The film begins to an old tune I remember by Leonard Cohen ‘Where do you do my lovely.’ Pure nostalgia for people approaching their fifties and beyond. The song and the scenes with Jason Schwartzman have been cut well to illustrate the text of the song. A wonderful, sensuous prelude to the film with an attractive female, Anjelica Huston. She has blue bruises all over on her body, and says she loves him in a Parisian hotel-room, and he replies in a couldn’t-care-less manner.

The three brothers jump in and out of the same train, with their 11-piece luggage, throughout the film but what unfurls is a fascinating landscape of rural India and typical characters that you might have read in Rudyard Kipling’s books on the Raj. The bigger brother Owen collects his brother’ passports and tells them to trust him and other spiritual things associated with Indian philosophy. He also pleads to his two brothers that they should be honest and tell him everything. No secrets. But as soon as one of them goes for a few minutes, there’s backbiting and inquisitiveness in the air. It’s also the story of three sahibs out to discover spiritual India. What might be funny to a Brit or European may seem almost arrogant and forced comedy to viewers in the Indian subcontinent, with its clichés.: a shoe stealing boy runs away with one of the sahib’s shoe, a female service lady gets laid willingly by Casanova Schwartzman. Perhaps it was the sweltering Indian summer that made the protagonists do such things.

The journey is a pilgrimage to a Sikh and Hindu temple with a lot of tikas and bhajans thrown in. A dramatic river rescue in which an Indian boy drowns and the three sahibs bring the limp body to the villagers is touching. A Hindu funeral ceremony with the father of the dead child washing his son’s body, mourning neighbours. Hindu rituals, vedic chants, humble villagers. Then a Hindu village farewell with namastes. Then it’s back into the train, like in Michael Ende’s “Jim Knopf and Lukas,” towards India’s daily subcontinental chaos and normal madness.

The wiedersehen with the meditating mother, a grey-haired energetic lady who feels that she must help the nuns with their charges, than live in London in affluence, turns into a therapeutic séance for family Whitman. The mother suggests to her sons that they should learn to speak without words. It reminds my of Paul Waczlawick saying: you can not not communicate. In German we say: Man kann nicht nicht kommunizieren, meaning thereby that you do communicate, even if don’t do it verbally. One communicates non-verbally. Your gesture, your mimic muscles speak volumes.

Towards the end the director (West Anderson) works with metaphors by showing each protagonist in a separate train-compartment as it moves on. There are tears in the eyes of the Indian sari-clad train lady, the Sardarji train-conductor plays affectionately with the snakes, which he’d declared dead, the sensual lover from Paris is also in the train, as is also the dead Mr. Whitman, alive and kicking. I thanked Anderson for the old melody “Oh, Champs Elysees” quietly as the film ended and the credits were shown. The songs of the sixties and seventies were a delight indeed. It was 91 minutes of family conflict, a lesson in Family Therapy, carried out in India’s fantastic backdrop, snakes and all. It was a declaration of love to India.

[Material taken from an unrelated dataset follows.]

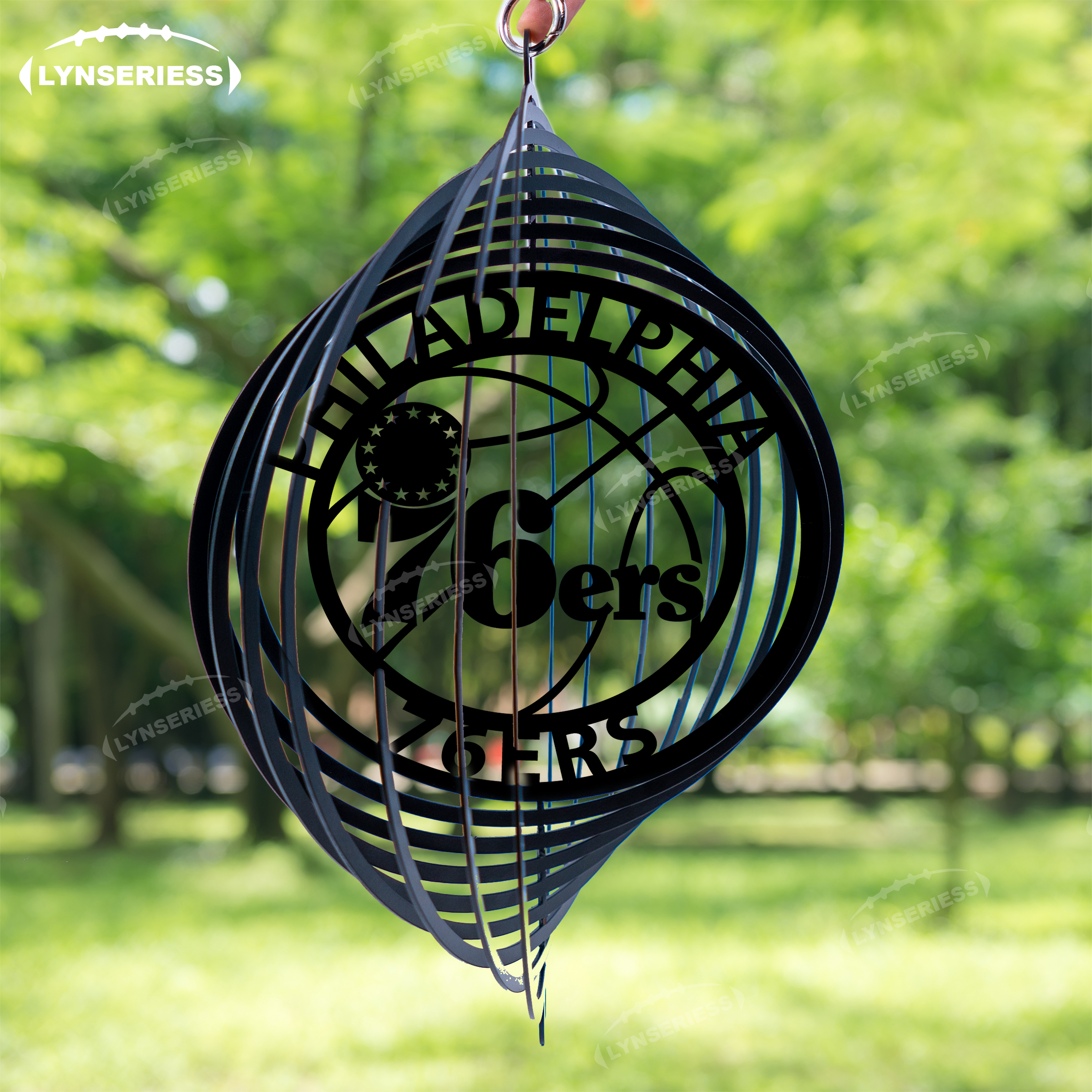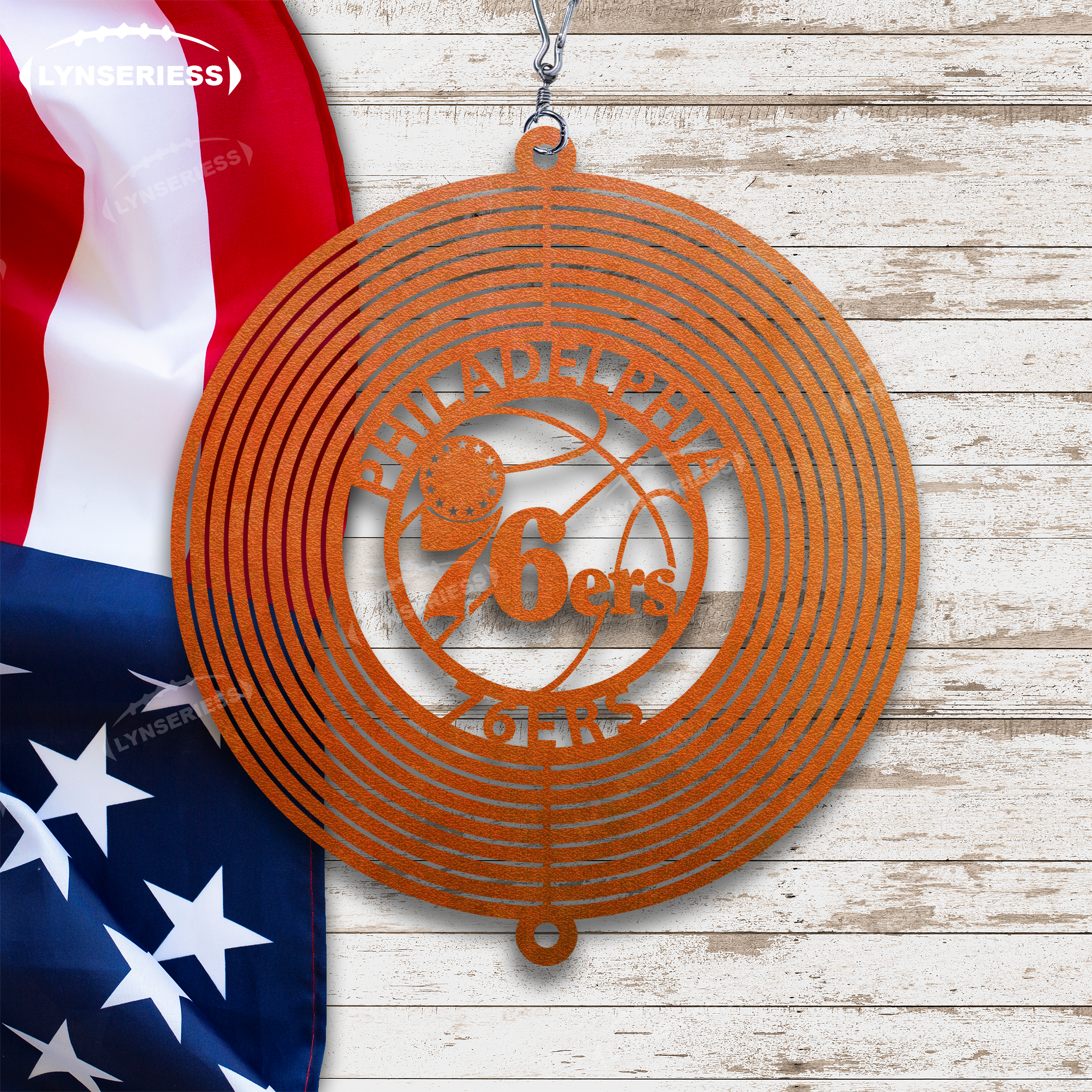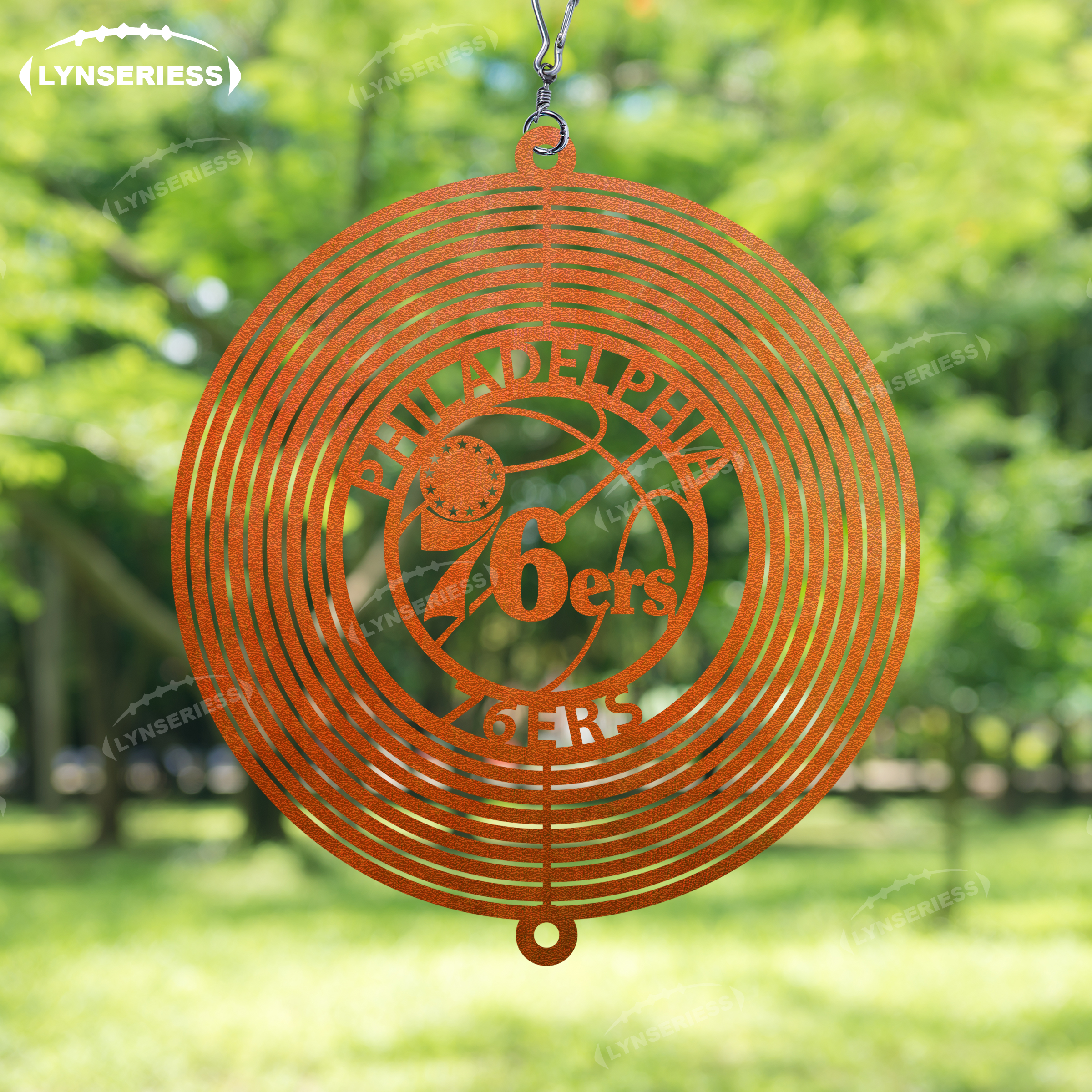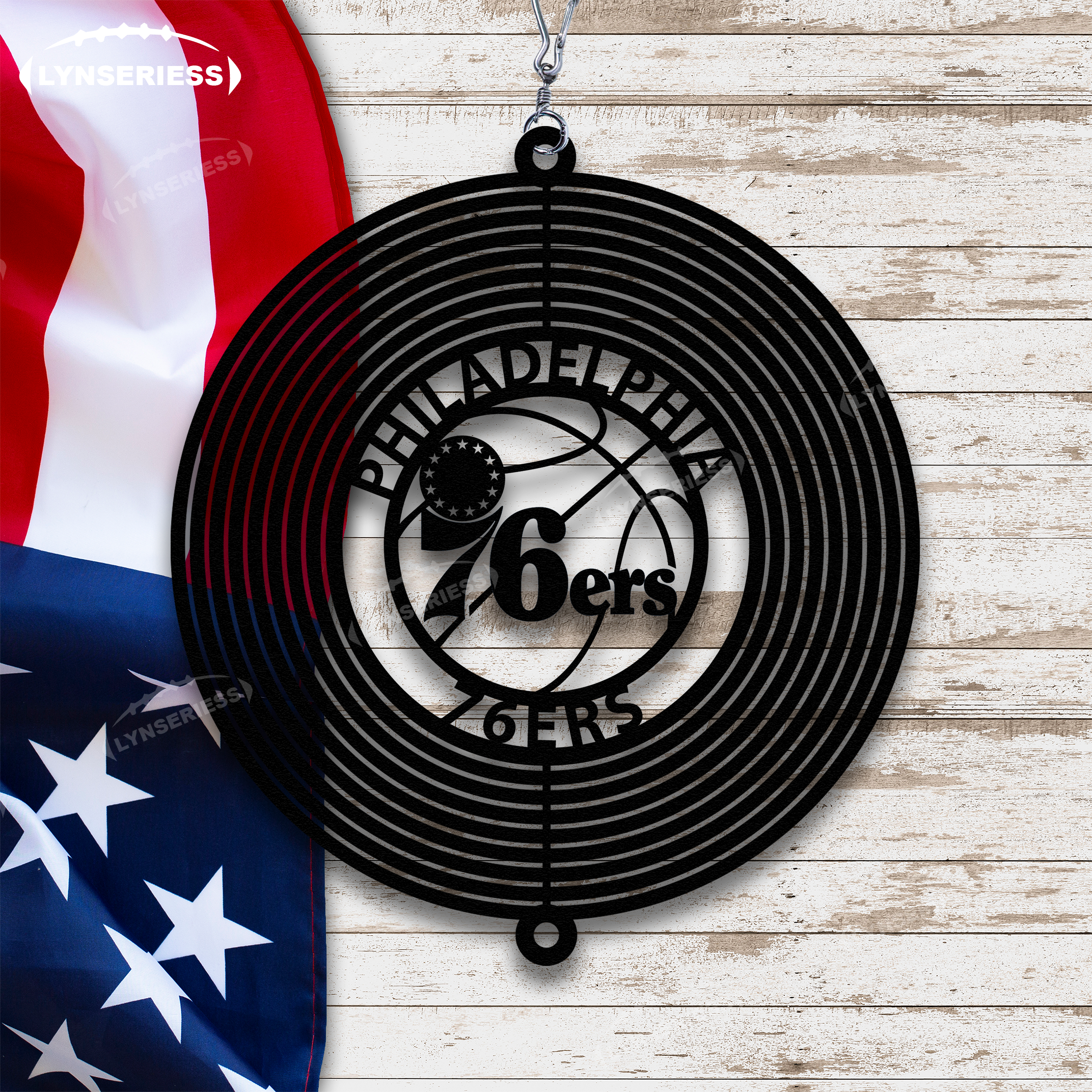 NBA Philadelphia 76ers Artwork Black Or Natural Rust Wind Spinner Outdoor Decor

Life is a long journey, one is given to understand, and when we want to reach our destination, it’s easier to get rid of the cumbersome excess baggage. Simplify your life. All those expensive worldly belongings and destructive emotions make our lives difficult because we tend to clutch on them. You can’t take your traveller’s cheques and plastic cards when you leave this world, for this world is but a maya. An illusion. One thing is sure: the trip is limited to a life-span.

I must admit, I watched Darjeeling Limited in German and a lot of English humour was lost in translation, when dubbing. The humour was dry and the situations absurd. I’ll get a DVD and watch it in English when I have time.